Task statement: Output the records exactly as they appear, with no pictures included.

Extracted information:
"""
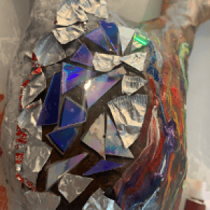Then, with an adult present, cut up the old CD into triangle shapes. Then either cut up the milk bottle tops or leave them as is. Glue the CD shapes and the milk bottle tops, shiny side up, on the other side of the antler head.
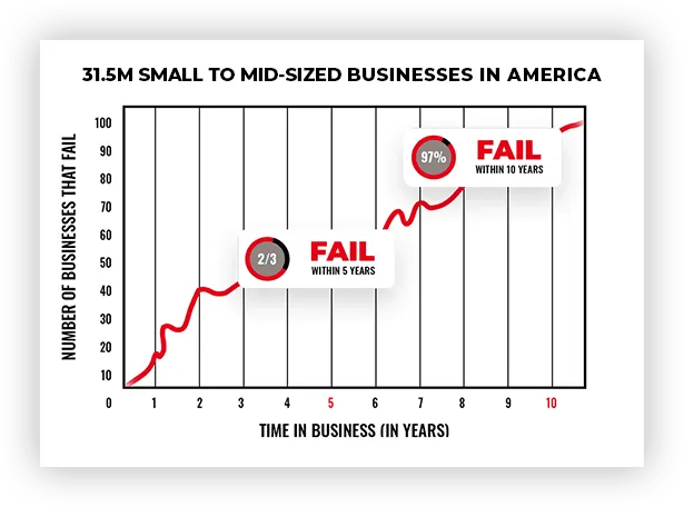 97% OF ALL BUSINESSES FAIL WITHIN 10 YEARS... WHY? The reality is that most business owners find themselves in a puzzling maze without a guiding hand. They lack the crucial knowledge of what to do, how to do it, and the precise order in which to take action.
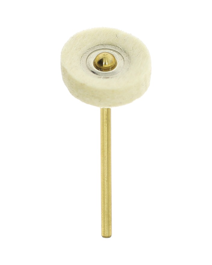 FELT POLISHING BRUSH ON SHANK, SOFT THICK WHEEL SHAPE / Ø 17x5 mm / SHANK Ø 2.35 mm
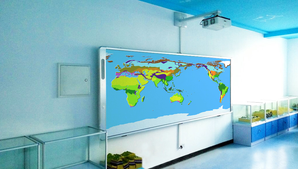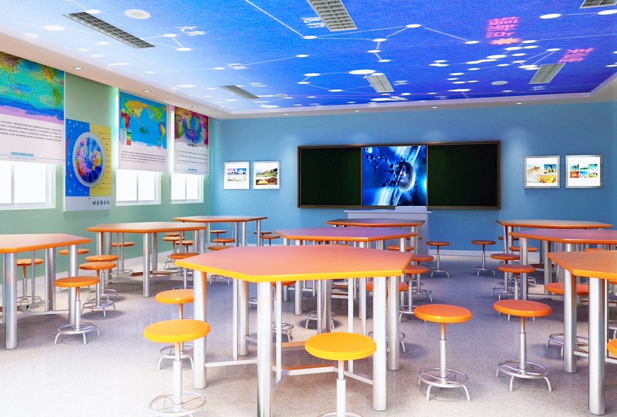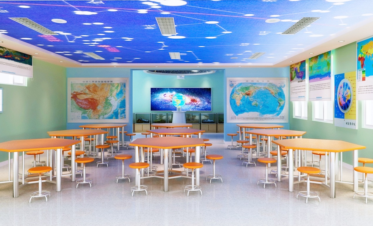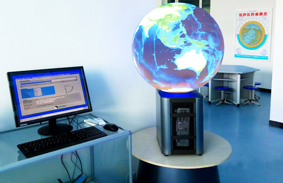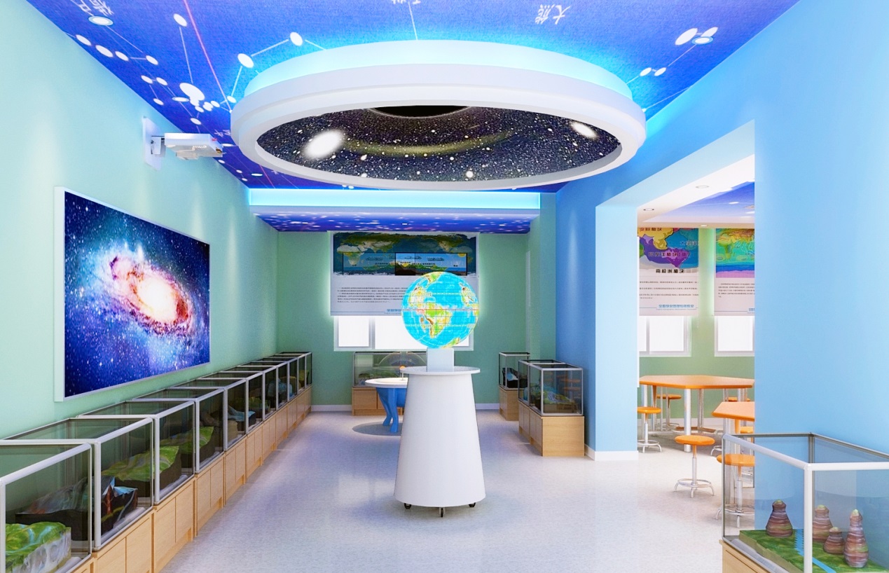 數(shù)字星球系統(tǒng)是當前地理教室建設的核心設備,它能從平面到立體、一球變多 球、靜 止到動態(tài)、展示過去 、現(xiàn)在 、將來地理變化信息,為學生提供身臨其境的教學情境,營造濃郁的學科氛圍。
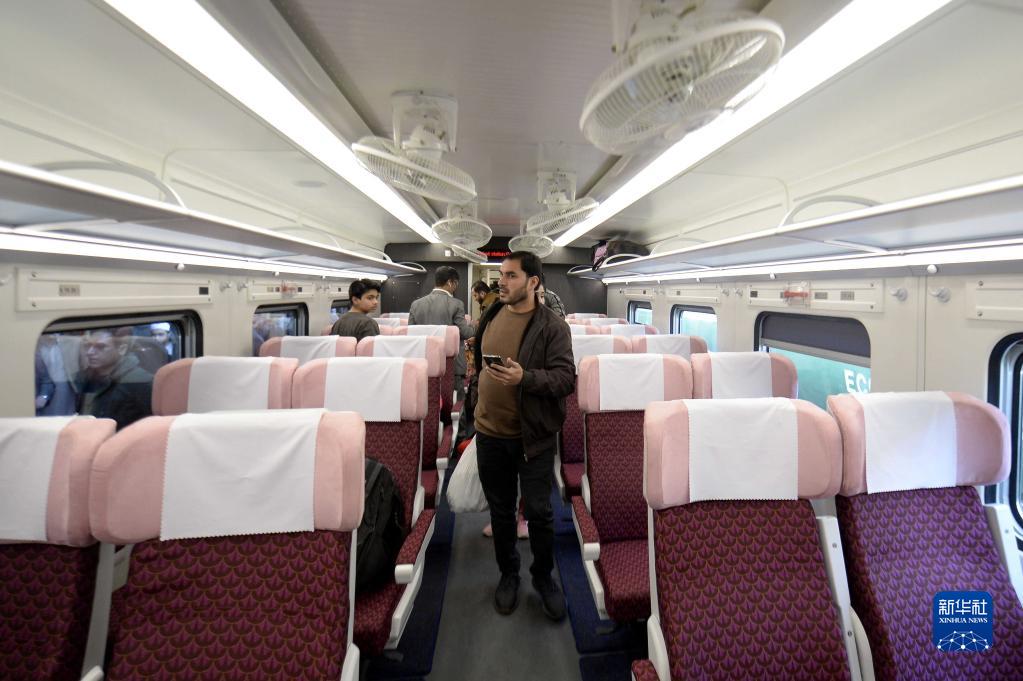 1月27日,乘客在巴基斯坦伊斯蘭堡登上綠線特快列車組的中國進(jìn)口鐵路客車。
"""
Answer to the problem:
Then, with an adult present, cut up the old CD into triangle shapes. Then either cut up the milk bottle tops or leave them as is. Glue the CD shapes and the milk bottle tops, shiny side up, on the other side of the antler head.
 97% OF ALL BUSINESSES FAIL WITHIN 10 YEARS... WHY? The reality is that most business owners find themselves in a puzzling maze without a guiding hand. They lack the crucial knowledge of what to do, how to do it, and the precise order in which to take action.
 FELT POLISHING BRUSH ON SHANK, SOFT THICK WHEEL SHAPE / Ø 17x5 mm / SHANK Ø 2.35 mm
 數(shù)字星球系統(tǒng)是當前地理教室建設的核心設備,它能從平面到立體、一球變多 球、靜 止到動態(tài)、展示過去 、現(xiàn)在 、將來地理變化信息,為學生提供身臨其境的教學情境,營造濃郁的學科氛圍。
 1月27日,乘客在巴基斯坦伊斯蘭堡登上綠線特快列車組的中國進(jìn)口鐵路客車。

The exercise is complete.